DragonGod comments on Do the Safety Properties of Powerful AI Systems Need to be Adversarially Robust? Why?

DragonGod 9 Feb 2023 14:14 UTC
2 points
0
Actually, my confusion is mostly on the source of the adverse selection pressure.

The only source of adverse selection pressure I understand is from multi-agent interactions in multipolar environments, but my model of agent foundations researchers do not expect multipolar outcomes by default/as the modal case, so I’m not really understanding the mechanism for adverse selection.

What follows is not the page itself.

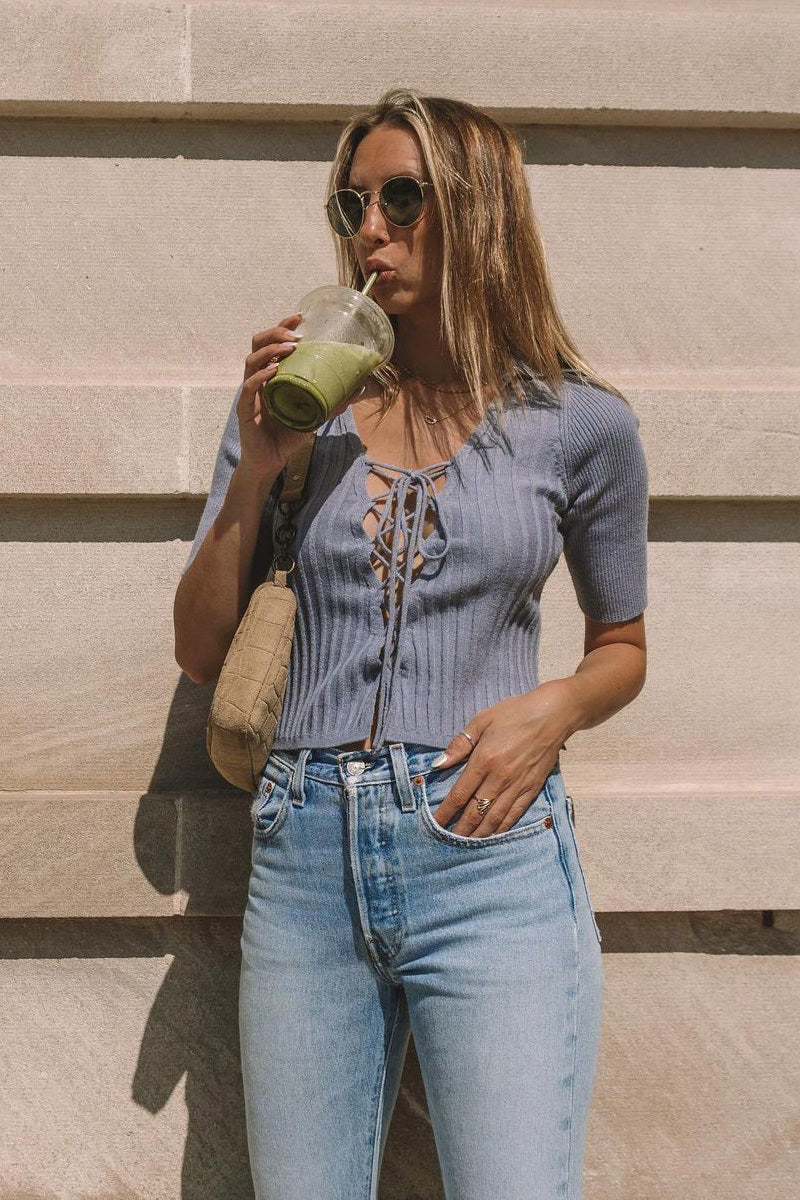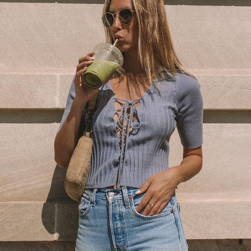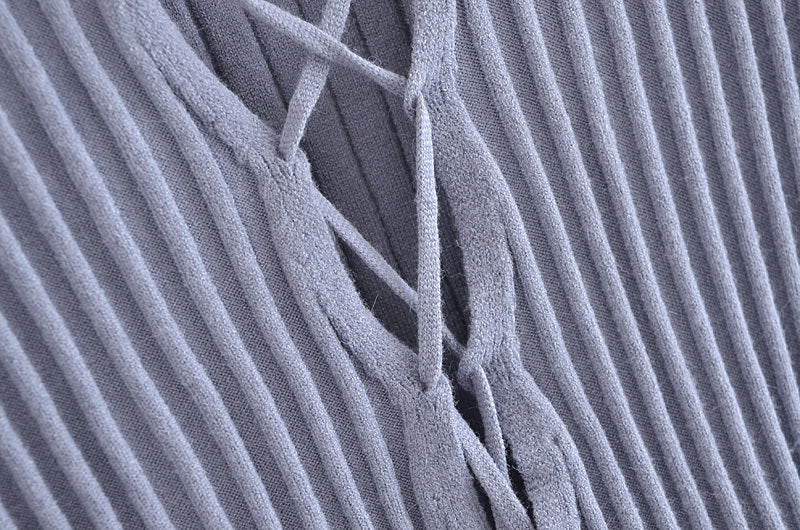 Lapel Slim Cross Drawstring Strap Pure Color All-match Half Sleeve Knit Top Dark Purple Cardigan

I listed some hypotheses as to where the source of adverse selection could come from, but I don’t have a compelling intuitive story for why they’d produce such adverse selection.
- tailcalled 9 Feb 2023 14:20 UTC
  2 points
  0
  Parent
  Could you give an example of a desirable safety property where you are unsure what angle the adversarial pressure would come from?
  - DragonGod 9 Feb 2023 14:57 UTC
    2 points
    0
    Parent
    Corrigibility is the first one that comes to mind.
    - tailcalled 9 Feb 2023 15:18 UTC
      4 points
      0
      Parent
      The John Wentworth argument that you are responding to is:
      
      Goodhart’s Law means that proxies which might at first glance seem approximately-fine will break down when lots of optimization pressure is applied. And when we’re talking about aligning powerful future AI, we’re talking about a lot of optimization pressure. That’s the key idea which generalizes to other alignment strategies: crappy proxies won’t cut it when we start to apply a lot of optimization pressure.
      
      What’s a proxy of corrigibility that you think might at first glance seem approximately-fine?
      - DragonGod 9 Feb 2023 16:10 UTC
        2 points
        0
        Parent
        Obedience/deference seem the obvious proxies of corrigibility.
        tailcalled 9 Feb 2023 21:33 UTC
        4 points
        0
        Parent
        A proxy is supposed to be observable so that it can be used for the purpose it is to be used for.
        What use do you have for a measure of corrigibility, and how do you intend to observe obedience/deference for that use?